Вечером мама и папа снова затеяли тот спор, который не прекращали всю неделю – на кухне, в холле, в ванной, когда мама с такой яростью чистила зубы, что я испугалась, как бы она их не выбила. Папа требовал, чтобы мама пошла работать, а мама наотрез отказывалась.
– Но девочки уже подросли и вполне могут обойтись без тебя, – в двадцатый раз повторил папа в субботу утром и разбудил меня.
– Забыл, что случилось с Дот? – отозвалась мама, громко сплевывая в раковину. – Я должна быть дома!
– Для кого, интересно знать?
– Что ты хочешь этим сказать?
– Девочки в школе, Джейн.
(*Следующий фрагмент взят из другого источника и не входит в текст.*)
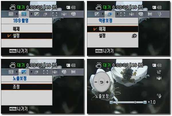 필자와 같이 16 : 9 해상도를 지원하는 HDTV를 사용하는 유저들이 있는 반면 4:3 비율의 아날로그 TV를 사용하는 유저도 많으리라 생각한다. C10 은 16:9 촬영 설정을 지원하여 TV의 종류에 따라 원하는 화면비율을 선택하여 외부 영상기기에서 감상할 수 있다. (쉽게 말해 짤리는 부분없이 꽉찬 영상을 TV로 즐길 수 있게 해 주는 설정이다.) 또한 역광보정 기능을 지원하여 역광으로 인해 어두워 지는 피사체를 밝고 선명하게 촬영할 수 있으며 사진과 같이 수동 노출보정 기능도 지원하는 것을 확인할 수 있다.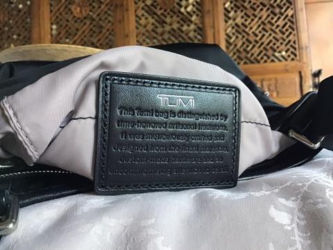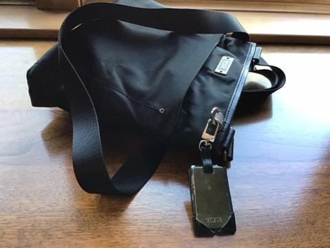 The TUMI bag looks unused & is in great condition. It is 11" across x 9.5" tall.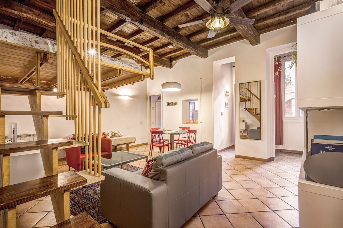 This one of a kind rustic yet elegant loft is full with details in wood, metal and stone, all handmade by Giulio, his owner. The fabulous terrace will take your breath away. How about some coffee with your slippers on while contemplating the Colosseum or watching the sun go down behind the Vatican shadow from the hut tub? Located minutes away from Termini Station but still a peaceful home. The access to the appartment is made by stairs. Breakfast it's on us!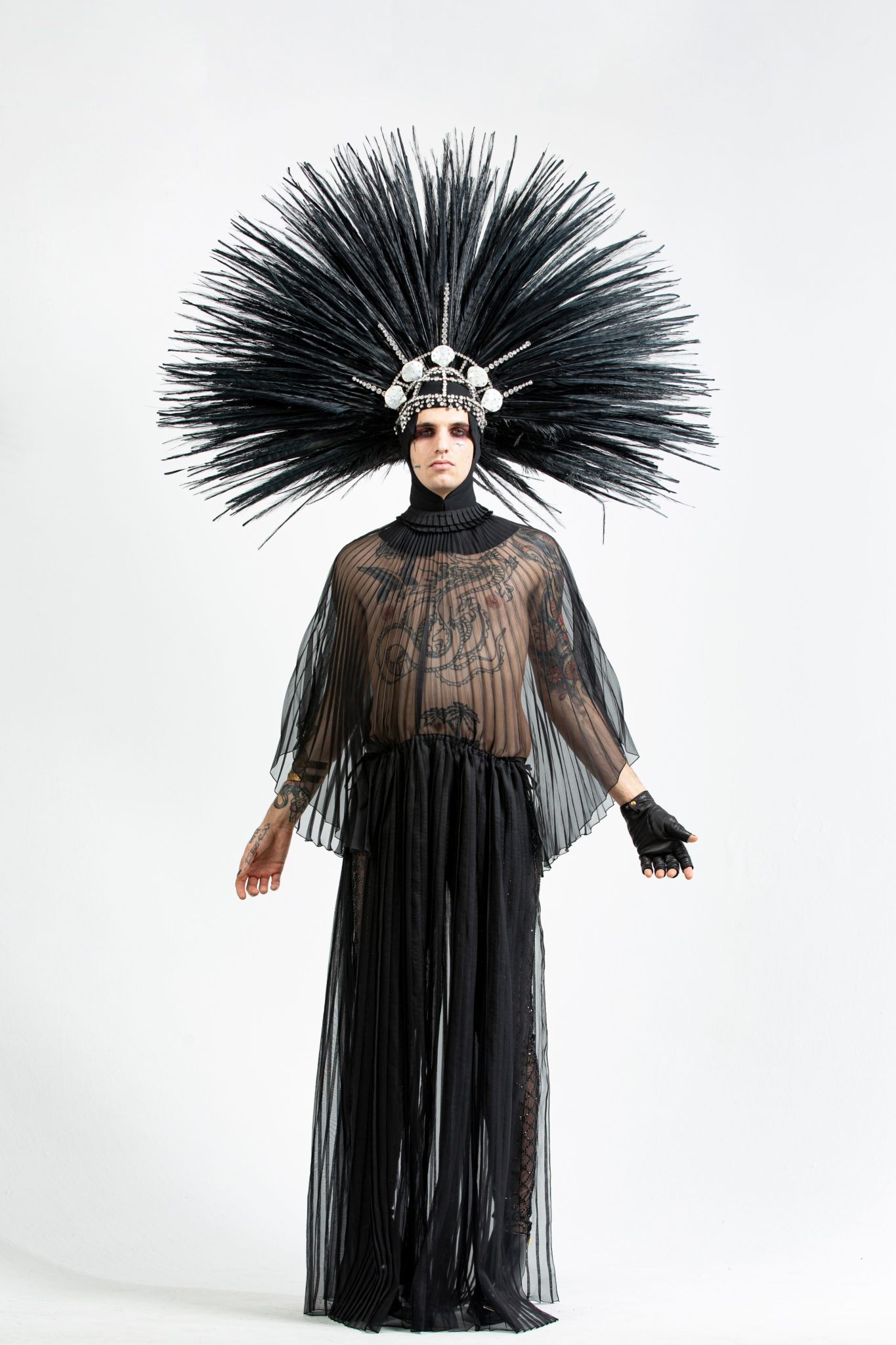 Lauro ha interpretato questo personaggio istrionico ed eclettico, scegliendo un look disegnato da Alessandro Michele, direttore creativo di Gucci. In testa, uno scenografico copricapo di piume con inserti di cristalli. Sotto, un abito di chiffon nero completamente trasparente e dei collant tailor made, con motivo geometrico di cristalli neri.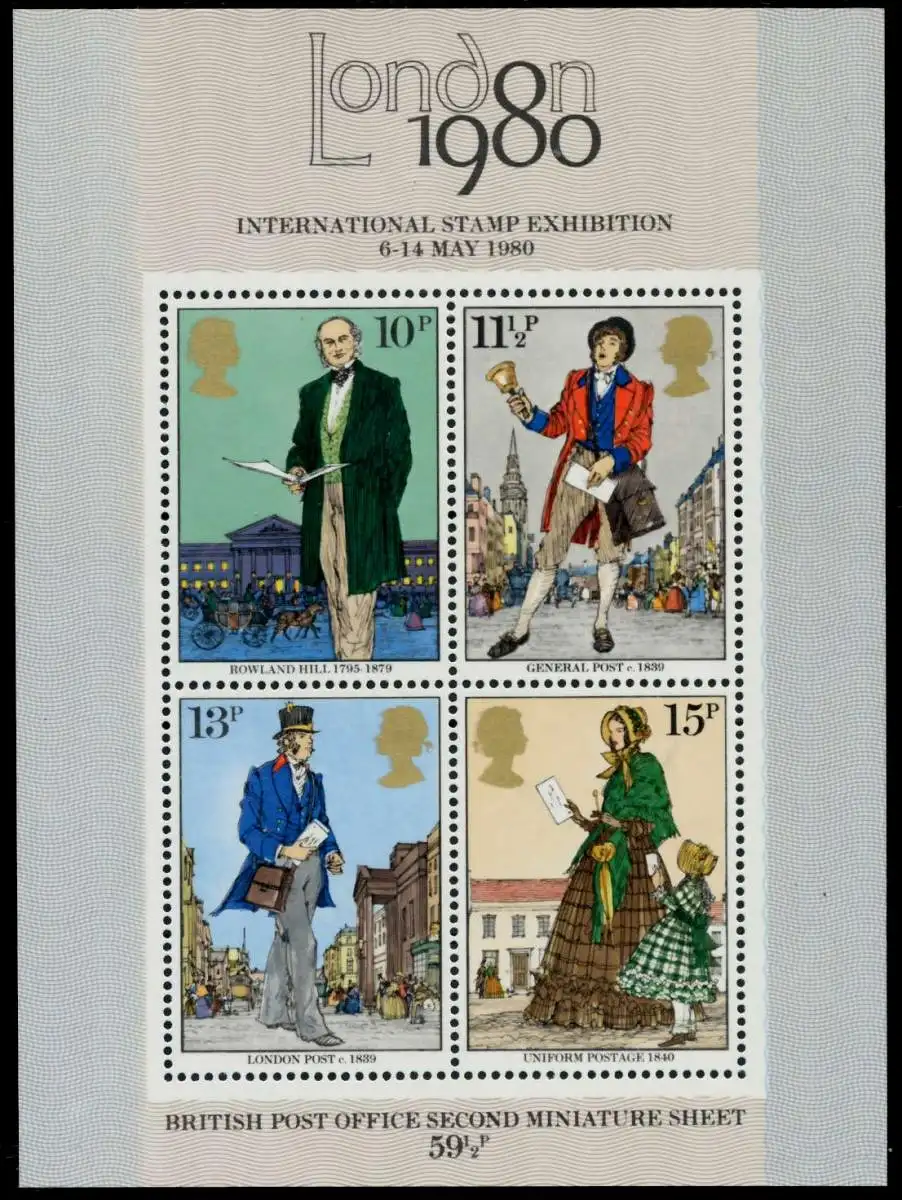 Blockausgabe zur Briefmarkenausstellung 1980 in London, mit Beschreibungskarte (MichelNr.: 804, 805, 806, 807)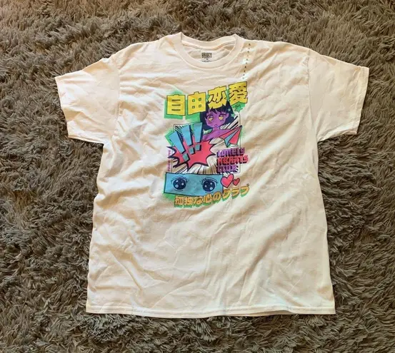 Sgt. Pepper can’t compare to this shirt! This Lonely Hearts Club t-shirt from Brisco features a colorful graphic, reminiscent of 90s shojo anime. The shirt is made out of 100% cotton. The shirt would look great with a pair of cut off shorts! The shirt is NWOT, but does have some flaws. These flaws include two holes on the back of the collar where tags used to be, small white dots on the purple girl (these seem to be manufacturing errors), a part of the last kanji on the top is missing some yellow in the design (again, this seems to be a manufacturing error), and other such manufacturing flaws, however, these flaws do not hurt the look of the t shirt. The price is negotiable. If you have any questions please do not hesitate to ask! Measurements: Pit to pit: (from the front) 22.8 inches Length: 29.9 inches Tags: t shirt, otaku, nerdy, colorful, summer, anime, animecore, hearts, heart, anime t shirt, animecore t shirt
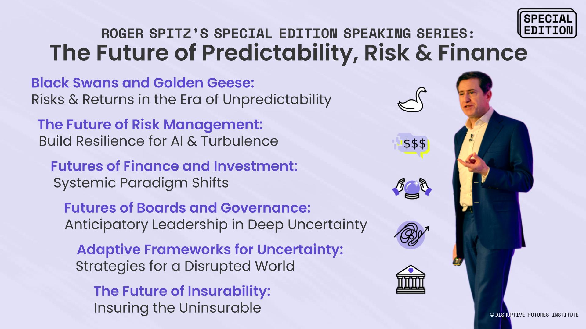 • Special Edition – The Future of Predictability, Risk & Finance: A timely keynote series decoding the future of risk, investments, and insurance for global financial stages and boardrooms.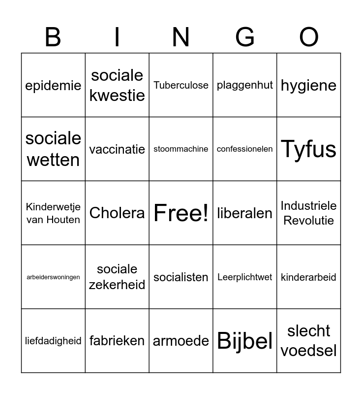 This bingo card has a free space and 24 words: sociale zekerheid, fabrieken, stoommachine, liefdadigheid, hygiene, epidemie, sociale wetten, sociale kwestie, liberalen, socialisten, confessionelen, Kinderwetje van Houten, Leerplichtwet, kinderarbeid, vaccinatie, Bijbel, Industriele Revolutie, Tuberculose, Tyfus, Cholera, slecht voedsel, arbeiderswoningen, plaggenhut and armoede.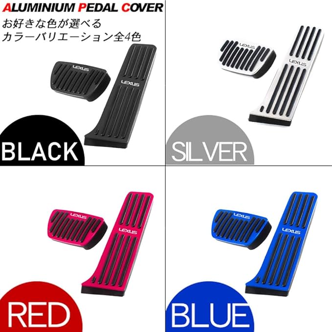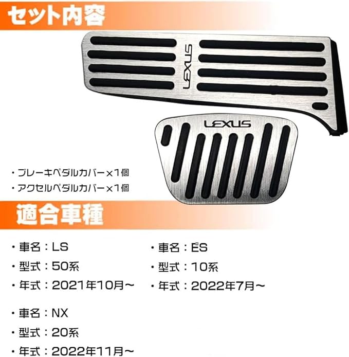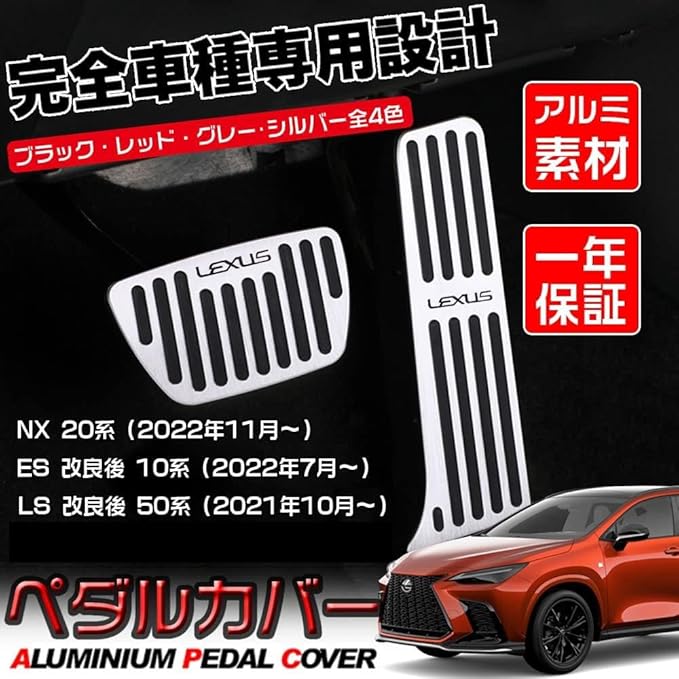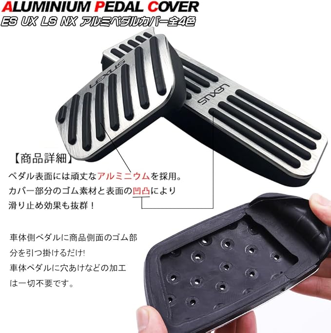 レクサス 新型NX 20系 改良後 ES 10系/LS 50系 アルミ ペダル アクセル ブレーキ カバー 工具不要 滑り止め付 被せる ゴム カスタムドレスアップ パーツ(シルバー)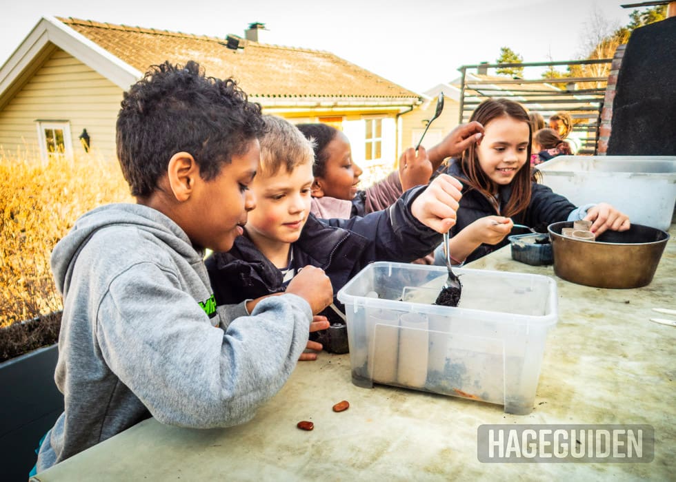 Skal du få barna interessert i hage og dyrking, er det veldig lurt å starte med noe som er lett å mestre, i tillegg til det gir raske resultater. Sukkererter og bondebønner har store frø som er lett å håndtere av små barnehender, og de fleste barn liker å spise sukkererter.
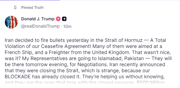 أعلن الرئيس الأميركي دونالد ترامب أن ممثلي الولايات المتحدة سيتوجهون إلى إسلام آباد، الاثنين، لإجراء محادثات مع طهران.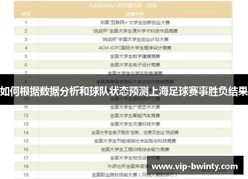 通过综合分析历史数据、球队当前竞技状态、阵容变化以及对手表现等多个因素,我们可以更加精准地预测上海足球赛事的胜负结果。数据分析不仅为我们提供了客观的决策依据,还能够帮助我们从多个角度全面理解比赛的动态和潜在变量。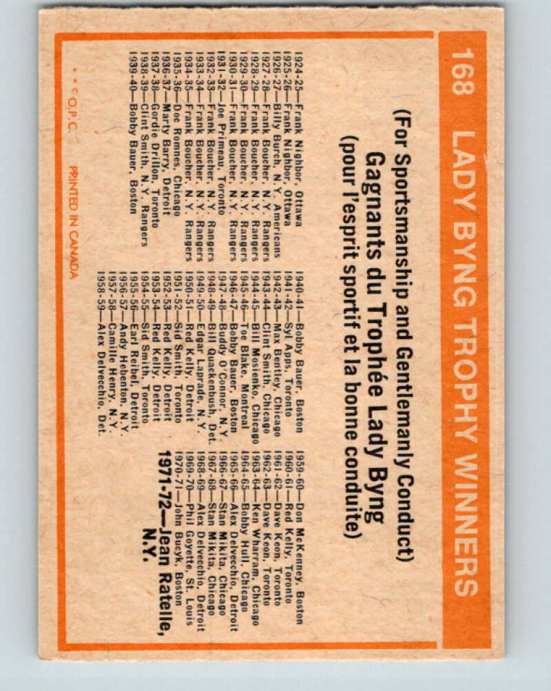 1972-73 O-Pee-Chee #168 Lady Byng Trophy V3989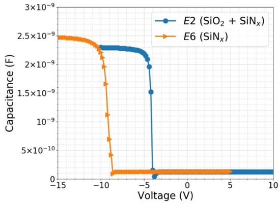 Capacitance—voltage (C—V) measurement results of MIS capacitors prepared with the passivation processes E2 (6 nm SiO2 + 65 nm SiNx) and E6 (65 nm SiNx) as described in Table 1, at a frequency of 1 kHz.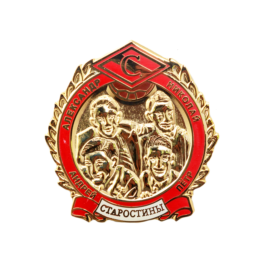 Значок "Братья Старостины", золотой, красно-белый.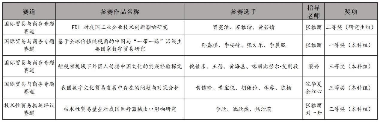 近日,2024年全国高校商业精英挑战赛国际贸易竞赛(RCEP 国际市场开拓策划赛道、国际贸易与商务专题赛道、技术性贸易措施评议赛道及涉外商事法律服务赛道)全国总决赛圆满收官。由我校商务经济学院国际经济与贸易系教师张雅丽、梁婷、沈华夏、余红心、刘一丹等共同指导的五支学生团队分别荣获大赛本科组一等奖和三等奖,及研究生组二等奖,教师荣获优秀辅导教师奖,学校荣获最佳院校组织奖。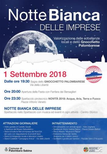 Nella notte tra il 1 ed il 2 Settembre si svolgerà la Notte Bianca delle Imprese, che si aprirà con la Sagra dello Gnocchetto Palombarese, un piatto tipico della tradizione culinaria locale. Tante attrazioni giornaliere ed intrattenimento accompagneranno i partecipanti per le vie del centro storico, con visite guidate, stand enogastronomici delle altre Reti di Imprese del Lazio e di artigianato, negozi aperti, degustazioni e spettacoli, come le suggestive Fontane Danzanti di Cazacu’s, che uniscono Acqua, Aria e Fuoco in uno spettacolo unico tra realtà e magia.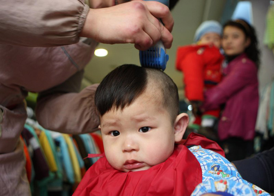 3月17日,寶寶在安徽淮北一家嬰幼兒服務(wù)店內(nèi)“剃龍頭”。王文 攝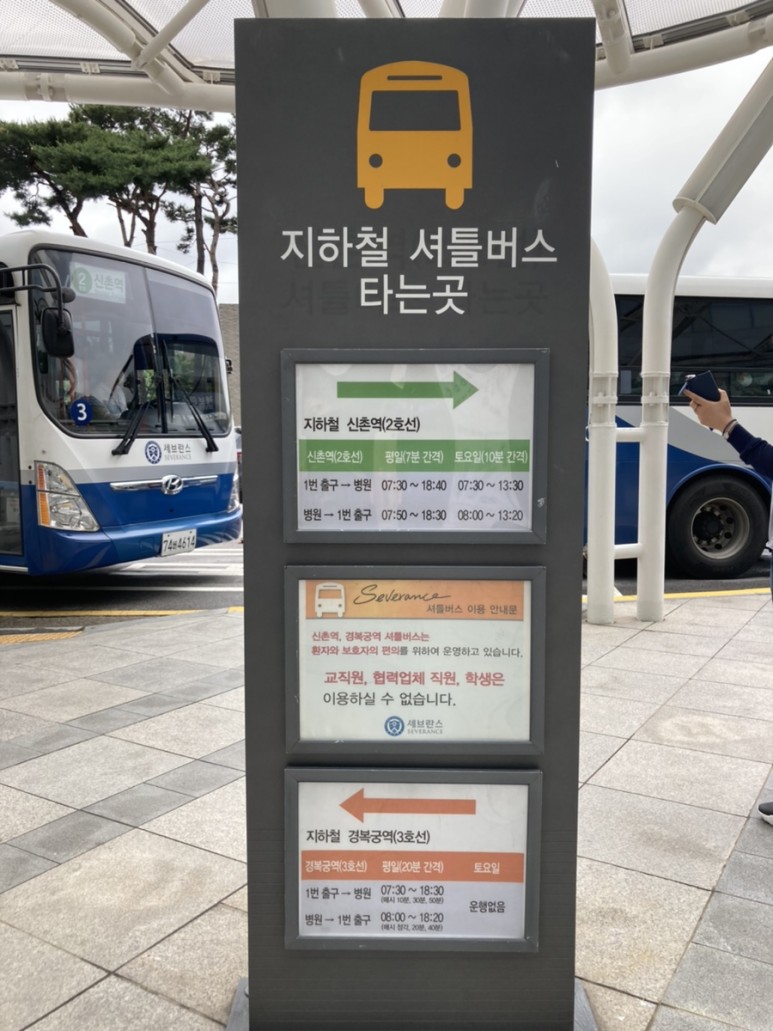 세브란스 병원 셔틀버스 시간과 타는 곳이에요 셔틀을 이용하실 분들은 참고하시기 바랍니다.
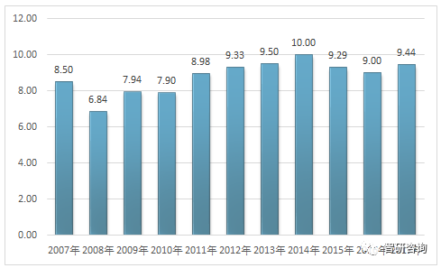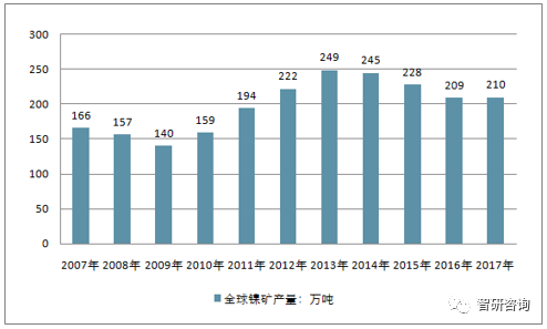 2007-2017年全球鎳礦產(chǎn)量走勢

Днем ты им не нужна. Для кого же ты здесь сидишь, а?
Открылся кран.
– Я – мать! Моя работа быть дома!
– Ты можешь оставаться матерью и при этом работать в конторе. Особенно если пойдешь на неполный рабочий день. Нет необходимости сидеть дома весь день, каждую секунду. Когда-то ты прекрасно совмещала одно с другим.
– И посмотри, что из этого вышло? – выкрикнула мама. Я понятия не имела, на что она намекает, поэтому села в кровати и внимательно прислушалась. – Вспомни, что произошло, когда я вернулась на работу, Саймон! – Мама со всего маха саданула стеклянной дверцей душа по кафельной стене. – Я не намерена рисковать. А теперь, будь любезен, дай мне собраться.
В ногах кровати появилась Соф в пижаме, с торчащими во все стороны волосами.
– Они больше не любят друг друга.
В ванной во всю мощь включился душ. Я натянула одеяло на голову с твердым намерением еще поваляться в постели, пока есть время до начала моей смены в библиотеке.
– Да нет, любят, – сказала я без особой, впрочем, уверенности. – Просто много всего навалилось.
– Что навалилось?
– Нервотрепка из-за денег, из-за работы, из-за дедушки…
Интересно, в других семьях тоже так бывает? Как это начинается? В какой момент? Почему-то вспомнились дедушка с бабушкой на черно-белых фотках, а потом я представила, что мама – звездочка в небе, папа отворачивается от нее, и ее серебряный свет тускнеет.
– Не хочу быть взрослой ни за что, – перебила мои мысли Соф, а думала я как раз об этом же. Она плюхнулась ко мне на кровать. – Никогда.
– Хочешь, чтоб тебе до конца жизни было девять лет? – спросила я из-под одеяла.
– Нет. Это уж точно. Девять лет – самая мерзкая мерзость.
– Стало быть, ты и ребенком не хочешь быть, и взрослой не хочешь быть? – уточнила я.
– Ага. Я хочу быть… а что осталось?
Я откинула одеяло.
– Смерть! – замогильным голосом изрекла я и расхохоталась. Соф осталась серьезной.
– Из меня получился бы хороший труп, – помолчав, заметила она и скрестила руки на груди. – А здорово было бы полежать в гробу чуток.
– Тебе бы надоело.
– А вот и нет.
– А вот и да. И потом, я бы по тебе скучала.
Соф вытянула руки на манер зомби и забубнила страшным голосом:
– Я восстану из мертвых и приду к тебе! – и уже своим обычным голосом добавила: – Но только к тебе. Не к маме, не к папе. И, конечно, не к Дот.
В библиотеке я начала с того, что разобралась на полках в историческом отделе, расставила книги в хронологическом порядке. Как и в Ночь костров все произошло без всякой подготовки – только что Арона не было и в помине, а вот он уже сидит за столом всего в нескольких метрах от меня. Я стояла за стеллажом и, ухватившись за деревянную полку (а то рухнула бы), моргала-моргала, раз десять, наверное, чтобы убедиться – глаза меня не обманывают. Потом нашла щель между книжками в секции нацизма и, едва не упираясь носом в свастику, смотрела, как Арон открыл сумку, достал блокнот, перелистал его и принялся писать.